Lehman collapse
September 15, 2009Demonstrations in Germany's financial capital Frankfurt began at the city's district court and moved to Lehman Brothers' former German headquarters. Protestors' chants were directed towards banks and lenders who they said had given them poor financial advice, including encouraging them to invest in the doomed US lender, which crashed Sept. 15, 2008.
It is estimated that around 40,000 German small investors, many of them senior citizens and retirees, lost money when Lehman went under.
"We were promised things that were not true," said investor Brigitte Dreger at the Frankfurt protest. Dreger and her husband Erich said they lost 10,000 euros ($14,600) due to the collapse of the US lender.
The couple said they had been advised by the savings bank Frankfurter Sparkasse in March last year that any investment in Lehman Brothers would guarantee a sure return.
The Dregers said that within only six months a significant portion of the money from their retirement fund was gone.

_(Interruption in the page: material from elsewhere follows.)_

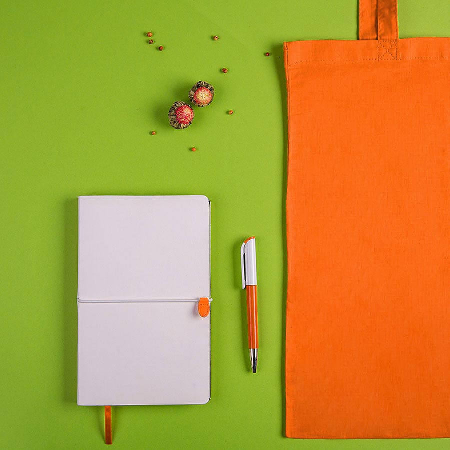 Гибкий переплет. Горизонтальная резинка с PU клипом с функцией пенхолдера Шариковая ручка TAG Глянцевый пластик, хромированный носик. Поворотный механизм. Стержень Jumbo, толщина пишущего узла 1,0 мм, синие чернила. Материал: ABS-пластик Сумка для покупок GEISER 105

Calls for tighter regulation
A spokesperson for the organizers of the demonstration, Peter Kyritz, said the small investors were calling for stricter rules for investment consultants, adding that, after the global financial crisis, the advice of banks could not be taken seriously.
Some critics accuse financial consultants at German banks of advising in favor of Lehman securities because of the promise of larger commissions.

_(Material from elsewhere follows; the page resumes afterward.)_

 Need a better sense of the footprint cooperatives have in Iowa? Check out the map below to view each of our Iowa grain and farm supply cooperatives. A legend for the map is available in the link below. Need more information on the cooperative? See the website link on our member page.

Demonstrations were also held in Berlin and Hamburg, where marchers carried their worthless Lehman Brothers investment certificates along with a coffin in a mock funeral procession.
In Berlin, many elderly former Lehman customers have been demonstrating weekly in front of city banks.
Under the motto "We've had enough, we want our money back," the group has even initiated a small theatre group to draw attention to their plight.
Life savings gone
Annke Corte and her husband, both in their 70s, said that after 35 years of working abroad they were persuaded by major international lender Citibank to invest 83,000 euros of their combined savings in Lehman certificates. With the collapse of the bank the Cortes lost their life savings.
"We are protesting because we want our money back. You know the banks don't do anything voluntarily," she said at the Berlin rally.
"Under German law we have to prove that the banks failed in the truth of what they promised us. They told us it was a secure investment. I worked until 67 plus and thought I would have a nice retirement in my old home town Berlin. Then everything went totally upside down," she told Deutsche Welle.
German Minister for Consumer Protection Ilse Aigner said Tuesday that more compensation was needed for the victims of the Lehman collapse. "This does still not suffice," she told radio station Deutschlandradio Kultur.